[Info-vax] unzip vulnerability with password-protected zip archives

Stephen Hoffman seaohveh at hoffmanlabs.invalid
Thu Feb 8 13:08:02 EST 2018


"InfoZip's UnZip suffers from a heap-based buffer overflow when 
uncompressing password protected ZIP archives. An attacker can exploit 
this vulnerability to overwrite heap chunks to get arbitrary code 
execution on the target system.

For newer builds the risk for this vulnerability is partially mitigated 
because modern compilers automatically replace unsafe functions with 
length checking variants of the same function (for example sprintf gets 
replaced by sprintf_chk). This is done by the compiler at locations 
were the length of the destination buffer can be calculated."

Note: The OpenVMS C compiler does not perform this mitigation, and 
likely won't prior to the migration to clang/LLVM tool chain and 
related VSI updates.

"Versions before and including 6.10 / 6.1c22 of InfoZip's Unzip have 
been found to be vulnerable. Version 6.0 was the latest major release 
at the time the security vulnerabilities were discovered. The next beta 
version is 6.1c22 which has been tested as well."

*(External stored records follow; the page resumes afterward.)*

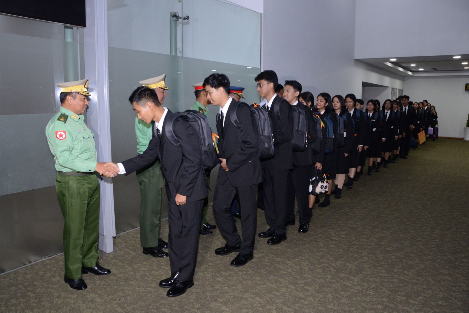 နိုင်ငံတော်လုံခြုံရေးနှင့် အေးချမ်းသာယာရေးကော်မရှင် ဥက္ကဋ္ဌ၊ တပ်မတော်ကာကွယ် ရေးဦးစီးချုပ်၏ လမ်းညွှန်မှုဖြင့် ၂၀၂၄-၂၀၂၅ ပညာသင်နှစ် တက္ကသိုလ်ဝင်စာမေးပွဲတွင် ထူးချွန်စွာအောင်မြင်ခဲ့ကြသည့် စစ်မှုထမ်းဆဲ/ စစ်မှုထမ်းဟောင်းနှင့် အစားခန့်ဝန်ထမ်းများ ၏ သား/သမီး ကျောင်းသား၊ ကျောင်းသူများနှင့် ဂုဏ်ထူးဖြင့်အောင်မြင်ခဲ့သောစစ်သည်များ ပါဝင်သည့် မျိုးဆက်သစ် ထူးချွန်လူငယ်မောင်မယ်များသည် နိုင်ငံတကာယဉ်ကျေးမှု၊ ဗဟုသုတနှင့် အသိပညာများအတုယူလေ့လာနိုင်စေရန်အတွက် တရုတ်ပြည်သူ့သမ္မတနိုင်ငံ သို့ လေ့လာရေးခရီးစဉ် သွားရောက်ကြမည်ဖြစ်ရာ အဆိုပါ လေ့လာရေးအဖွဲ့သည် ယနေ့ ညပိုင်းတွင် ရန်ကုန်အပြည်ပြည်ဆိုင်ရာလေဆိပ်မှ လေကြောင်းခရီး ဖြင့် ထွက်ခွာကြသည်။
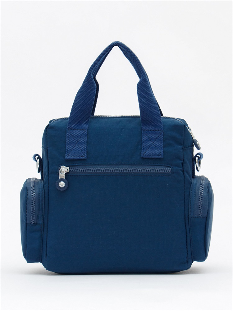 Снаружи: основной отдел закрывается на молнию. На задней части, передней и по бокам карманы на молниях.
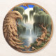 Posavasos Redondo De Papel Águila Majestuosa Volando junto a Cascada
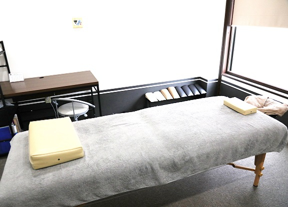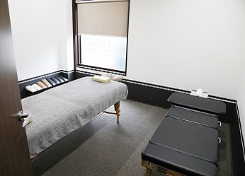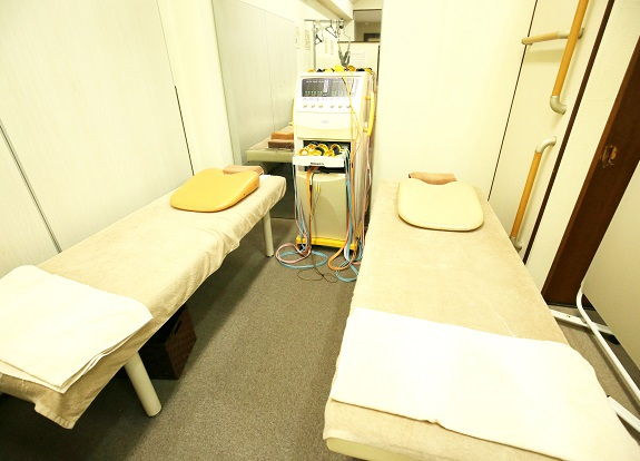 施術用ベッドは保険施術用に4台、自費施術用は個室制で2台ご用意していますので、人目を気にせず施術を受けられる環境になっております。
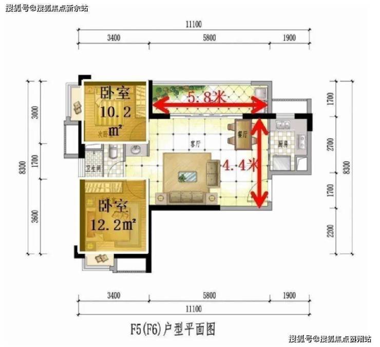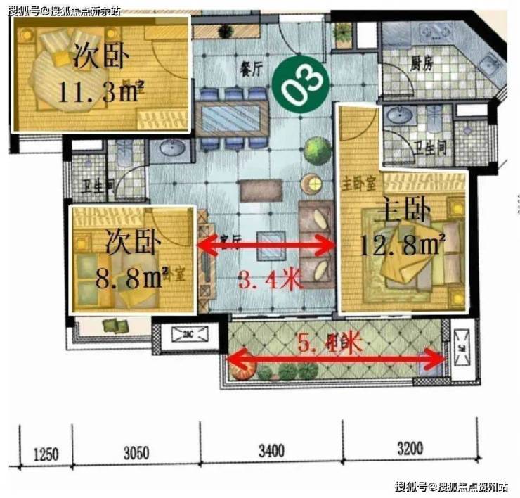 5.8m宽厅+12平主卧+270°瞰景飘窗
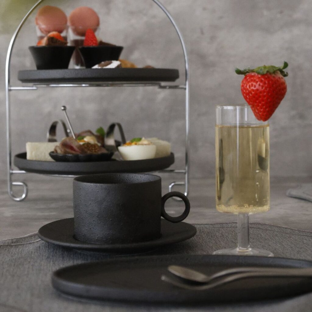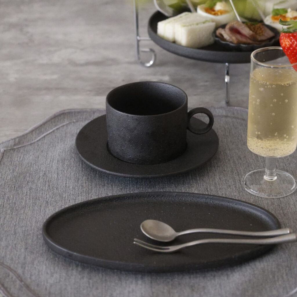 チョコレートや焼き菓子の色合いを美しく見せてくれるマットな黒の器。
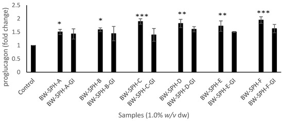 To determine the potential of BWSPHs to modulate satiety, their ability to produce satiety hormones at a transcriptional level and increase active GLP-1 secretion in murine enteroendocrine STC-1 cells was assessed. GLP-1 precursor proglucagon mRNA transcript levels were upregulated upon exposure of STC-1 to BWSPHs for 4 h compared with the negative control (Krebs–Ringer buffer) (p < 0.05) (Figure 2). However, post-SGID BWSPHs (BW-SPH-A-GI to BW-SPH-F-GI) did not alter proglucagon production significantly (p > 0.05) compared to the basal control. In addition, no significant differences were observed between proglucagon levels produced by BWSPHs before SGID and after SGID (Figure 2).
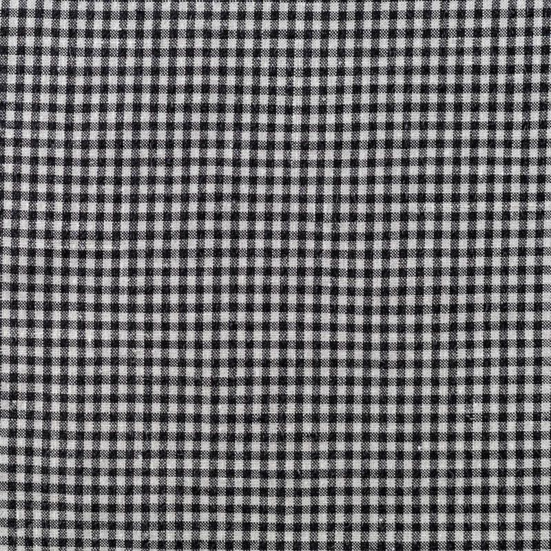 Прочный, выразительная матовая рельефная поверхность, полотняное переплетение, отлично держит форму, жестковатый на ощупь, но комфортный в изделии. Стильный вариант для платьев, сарафанов, юбок, топов, брюк или шорт. Льняная костюмно-плательная ткань с принтом в мелкую черную клеточку.
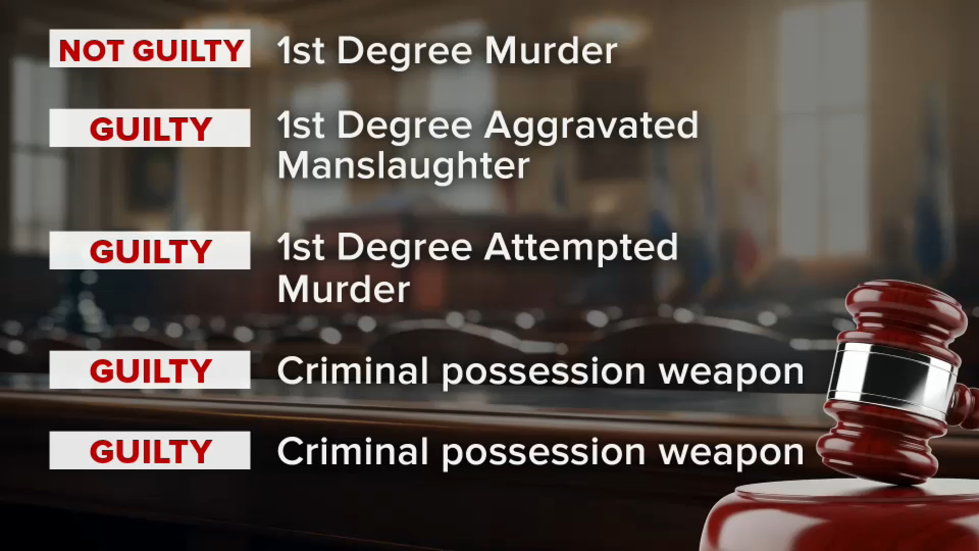 The 36-year-old was found not guilty of first-degree murder, but was found guilty of first-degree aggravated manslaughter, attempted murder, and two counts of criminal possession of a weapon.
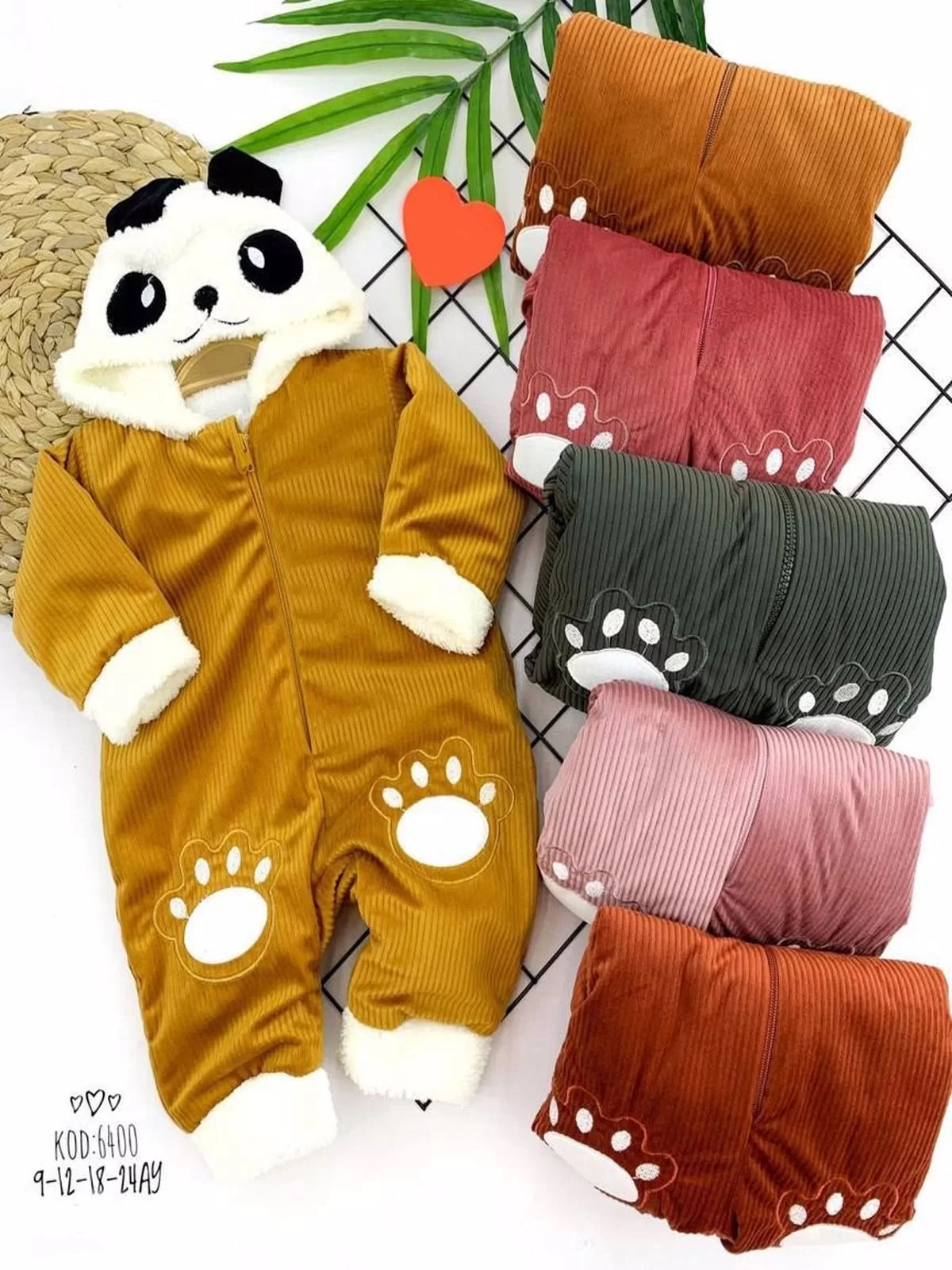 9-12-18-24 Ay Ayıcık Kapşonlu İçi Tüylü Fermuar Kapamalı Kadife Kumaş Kız Erkek Bebek Tulumu Pembe
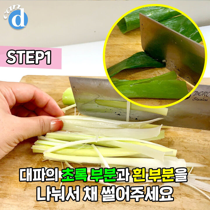 대파는 초록 줄기 부분과 흰 뿌리 부분을 나눠서 채 썰어줍니다.
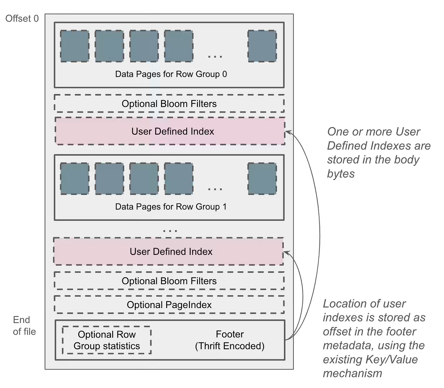 TIL: You can write a custom index for Apache Parquet. I wish the query engines' construction also offered an easier and extensible way to utilize the custom indexes.

CVE-2018-1000031,CVE-2018-1000032,CVE-2018-1000033, 
CVE-2018-1000034,CVE-2018-1000035

https://www.sec-consult.com/en/blog/advisories/multiple-vulnerabilities-in-infozip-unzip/index.html 


This case is fairly typical of the sorts of vulnerabilities that can 
and variously do effect folks using OpenVMS, but that aren't reflected 
in the CVE counts and related metrics.  Which is part of why I'm 
exceedingly skeptical around the validity of CVE count comparisons.  
That's also entirely irrespective of the fact that zip and unzip should 
have been in the base OpenVMS distro decades ago, too.